Merck took the unusual step of delaying its earnings release yesterday until after the close of the market. A report on another clinical study of Vytorin (ezetimibe), their drug with Schering-Plough, was coming out, so they put the numbers on hold until after the press release yesterday afternoon. Naturally, this led to a lot of speculation about what was going on. A conspiracy-minded website vastly unfriendly to Schering-Plough suspected some sort of elaborate ruse to drum up publicity.

But that sort of thinking doesn't take you very far, unless you count the distance you rack up going around in circles. As it turned out, the SEAS trial (Simvastatin and Ezetimibe in Aortic Stenosis) was, in fact, very bad publicity indeed for the drug and for both companies. In fact, a real conspiracy would have made sure that these numbers never saw the light of day, or were at least released at 6 PM on a Friday. But no, the spotlight was on them good and proper.

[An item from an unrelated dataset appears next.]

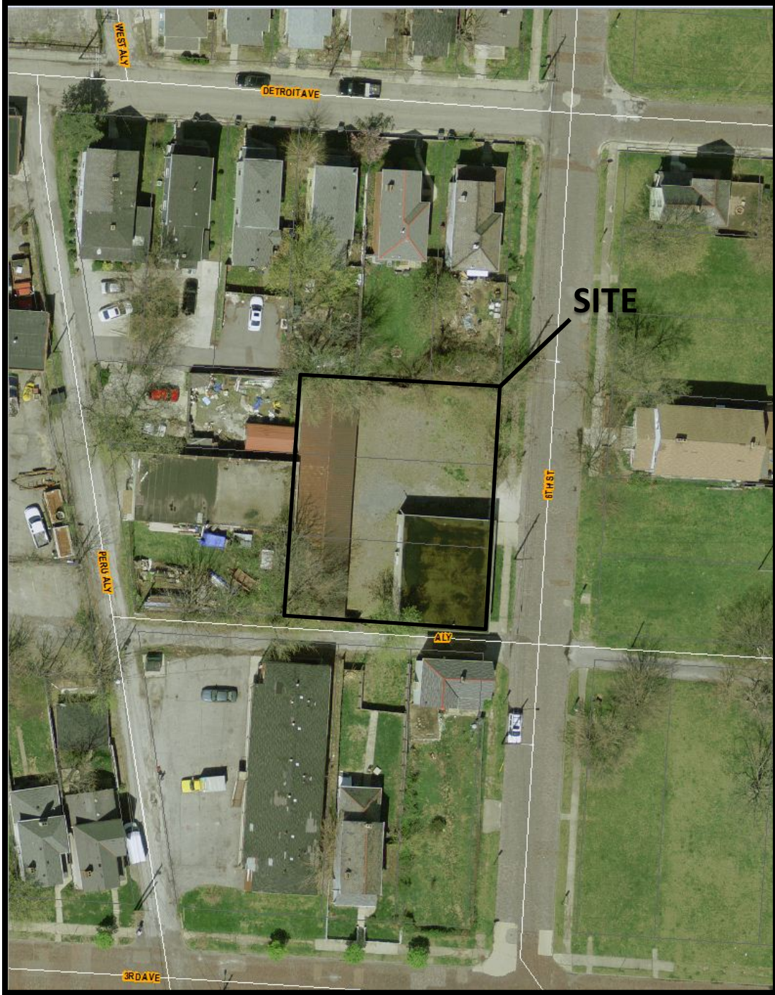
CV15-014 1023 North Sixth Street Approximately 0.02 acres

This trial studied patients with chronic aortic stenosis, which is a different condition than classic atherosclerosis. The two have enough similarities, though, that there has been much interest in whether statin treatment could be effective. The primary endpoint, a composite of aortic valve and general cardiovascular events, was missed. Vytorin was no better than placebo. It reached significance against one secondary endpoint, reducing the risk of various ischemic events, but not in any dramatic fashion.

That's not necessarily a surprise, since there's not a well-established therapy for aortic stenosis (thus the trial design versus placebo). As several commenters to the conference call after the press conference pointed out, this shouldn't change clinical practice much at all. But it's not what Merck and Schering-Plough needed to hear, that's for sure, because the sound bite will be "Vytorin Fails Again".

Actually, the sound bite will be even worse than that. There are a lot of headlines this morning about another observation from the SEAS trial: that significantly more patients in the treatment arm of the study were diagnosed with cancer. That's a red warning light, for sure, but in this case we have at least some data to decide how much of one.

For one thing, as far as I know there have been no reports of increased cancer among the patients taking Vytorin out in the marketplace - of course, one could argue that this might have been missed, but if the effect were as large as seen in the SEAS study, I don't think it would have been. Analyses of the earlier Vytorin trials and the ongoing IMPROVE-IT trial versus Zocor have also shown no cancer risk, and the latter trial is continuing. So for now, it would appear that either this was a nasty result by chance, or (a longer shot) that there's something different about the aortic stenosis patients that leads to major trouble with Vytorin.

None of these scientific and statistical arguments, and I mean none of them, will avail Schering-Plough and Merck. Among people who've heard of Vytorin at all, the first thing that will come to mind is "doesn't work", and after today's headlines, the second thing that will come to mind is "cancer". Just what you want, to put out press releases that your compound, even though it failed to work again, isn't actually a cancer risk. You really couldn't do worse; a gang of saboteurs couldn't have done worse. Of course, there's no such gang: the companies themselves authorized these trials, thinking that there were home runs to be hit. But all these sidelines - familial hypercholesteremia, aortic stenosis - have only sown fear, confusion, and doubt. The only thing that I can see rescuing Vytorin as a useful drug is for the IMPROVE-IT results to show really robust efficacy in its real-world patients. And I wonder if even that could be enough.

Comments (19) + TrackBacks (0) | Category: Business and Markets | Cancer | Cardiovascular Disease | Clinical Trials | Toxicology


1. Still Scared of Dinosaurs on July 22, 2008 9:35 AM writes...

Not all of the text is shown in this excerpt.